Вот они, мысли, сравнения, метафоры, играя словами, вьются, как цветные бабочки, взлетающие с диких кустов, и нет необходимости в сачке, чтобы уловить их: они впечатаны в память на весь мой короткий и такой насыщенный мыслями, век.
В эти мгновения высшего сосредоточения мне совершенно все равно, что я не до конца совершенен.
Одно не дает мне покоя: моя преступная неряшливость с посеянными по всем путям моих странствий бумагами, этими клочками моих прозрений, которые понятны лишь мне, и только я знаю, что главное скрыто за их оборванными краями.
Я знаю, моя все крепнущая мировая слава заставит мою сестрицу и ее дружков рыскать в поисках этих клочков, чтобы, соединив их по своему усмотрению и воспользовавшись моей славой и их тупостью и злобой, сделать меня главой их омерзительного движения, провонявшего их пошлым тевтонским духом.
Хотя, какой это дух?

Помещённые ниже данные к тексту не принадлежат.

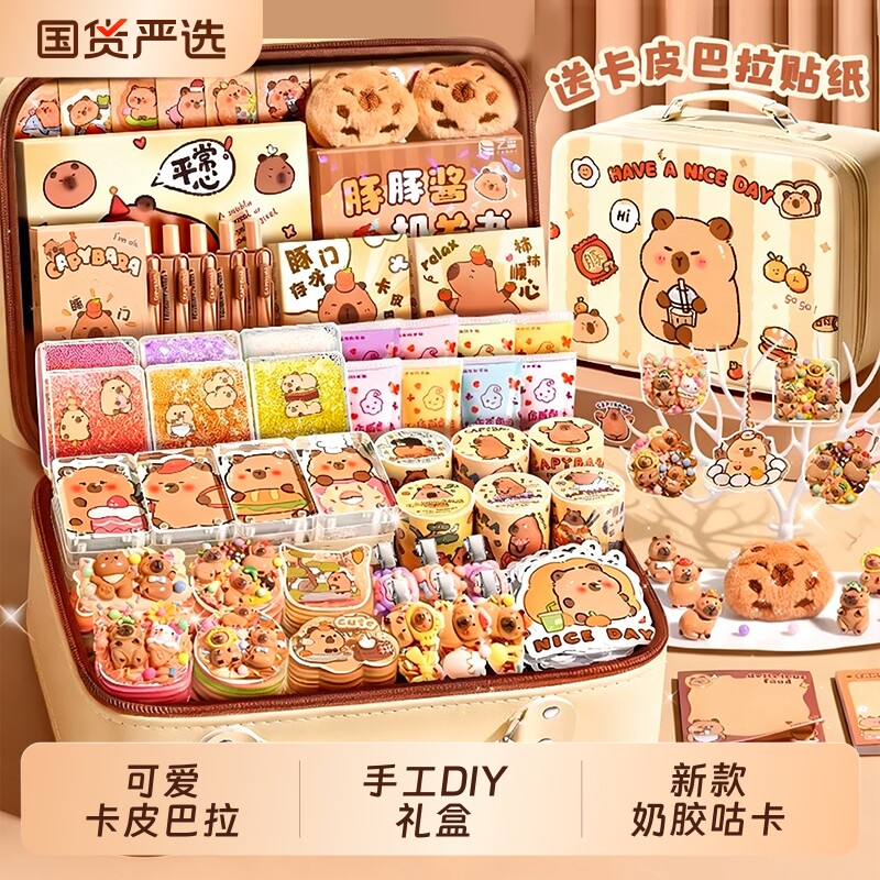 📚 卡皮巴拉贴纸奶油胶咕卡套装手帐礼盒儿童手工制作手账豪华流沙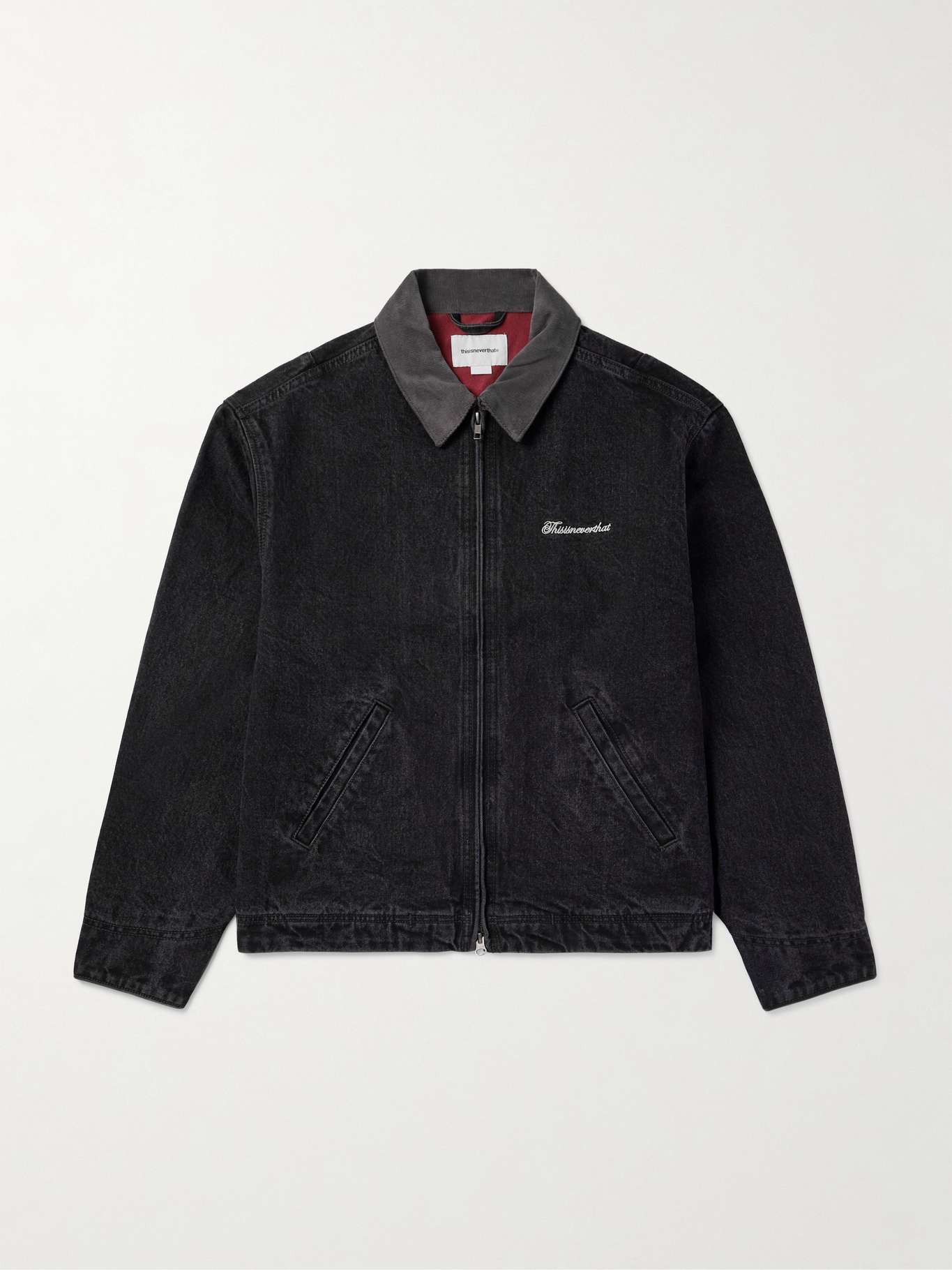 THISISNEVERTHAT Logo-Embroidered Corduroy-Trimmed Garment-Washed Denim Jacket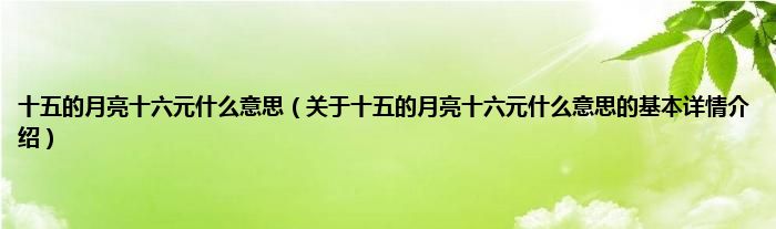 本文关于十五的月亮十六元什么意思的基本详情介绍就讲解完毕,希望对大家有所帮助。

Это просто запах отхожих мест, за использование которых моя ушлая сестрица будет брать плату, следуя изречению римского императора Веспасиана, установившего плату за вход в отхожие места, потому что деньги не пахнут.
Затем наступит кромешная тьма ночи, мертвое безмолвие которой сольется с моим молчанием. И только мне дано познать, каких нетопырей они порождают.

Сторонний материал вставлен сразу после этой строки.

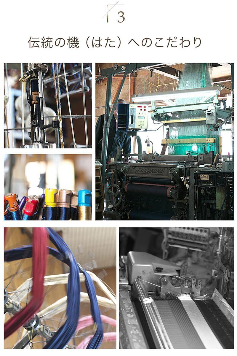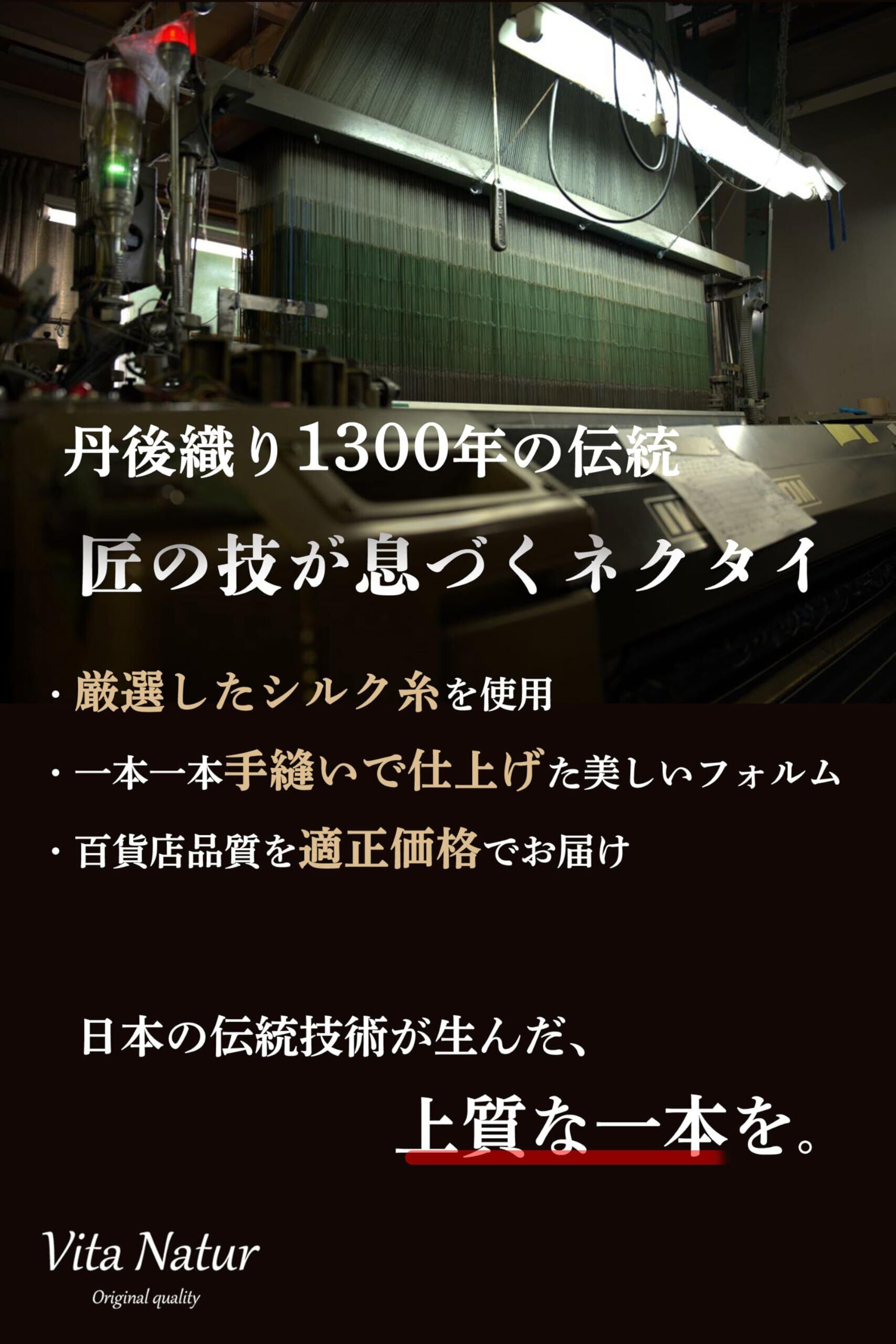 【ハンドメイド加工、伝統の機(はた)へのこだわり】Vita Naturの加工は全て京都の提携工場によるハンドメイド加工です。現在、リバー加工(機械縫い)もありますが、Vita Naturではこだわりの機・糸・整理加工の表現をするにはハンドメイド加工が最適と考えます。海外では大量生産のため、高速織機の使用がほとんどですが、丹後では1960年代に製造されたシャトル機・1990年代に生産されたレピア機を日々メンテナンスして現在も使用しています。どちらも低速で細い糸をゆっくり織ることでふっくらした生地のねくたいを生産できます。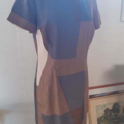 Pikähihainen Oliver-mekko. Koko 42. Sopiva myös koolle 40. Värinä musta ja kultaan menevä beige, printti pitsimäinen. Materiaali mielyttävän pehmoinen iholla.

Я вскочил среди ночи, пораженный горьким знанием: умерла Мама. Я был плохим сыном, не ценил ее заботы в течение этих семи лет со времени Турина. Во сне длилась моя неприязнь к ней. Она продолжала, как в детстве, навевать на меня ужас. Вместе с моей драгоценной сестрой стали они моими тюремными надзирателями.

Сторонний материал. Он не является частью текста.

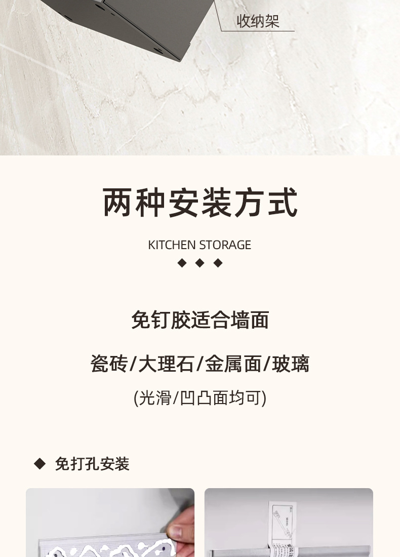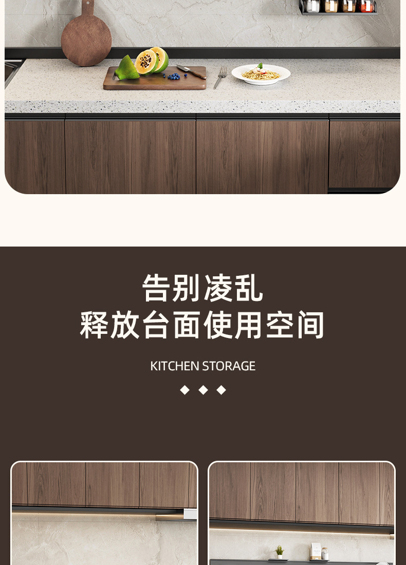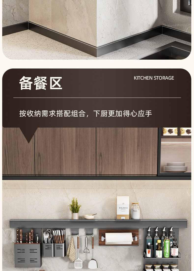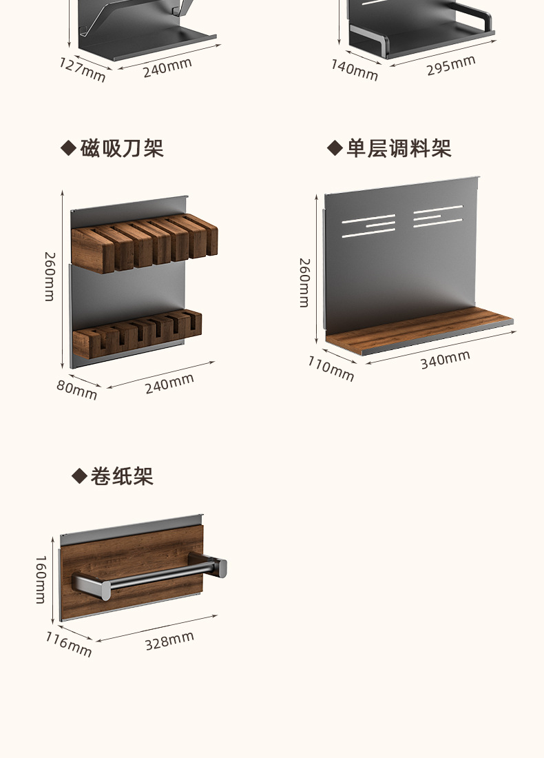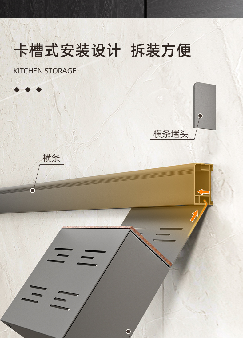 • 【1602】단층 양념통 + 식칼 꽂이 + 자석 칼 꽂이 + 냄비 뚜껑 꽂이 + 젓가락과 숟가락 꽂이 + 종이 롤 꽂이 + 상판

И все же страшно видеть собственную мать подобием дыры в деревянном ящике, сброшенном в яму с негашеной известью. Четче четкого я вижу себя на кладбище, среди безмолвно стоящих, подобных вставшим из могил безликим мертвецам, существ, сменивших белые саваны на черное траурное одеяние. Лица их размыты. Лишь лицо сестры ясно различимо.
Затем вижу себя в карете, рядом с сестрой. Оба мы не раскрываем уст.
Неужели нас ничего не связывает, кроме пустых, вызывающих тошноту, детских лет, с нависшей над нами деспотичной, лишенной сердечности, матерью.
О, боги, не верю, что она исчезла, растворилась, разлагается на элементы. Ведь это она разлагала меня до простых химических элементов моего тела. Так что, теперь я имею возможность собрать свои бренные останки в нечто новое, относительно свободное?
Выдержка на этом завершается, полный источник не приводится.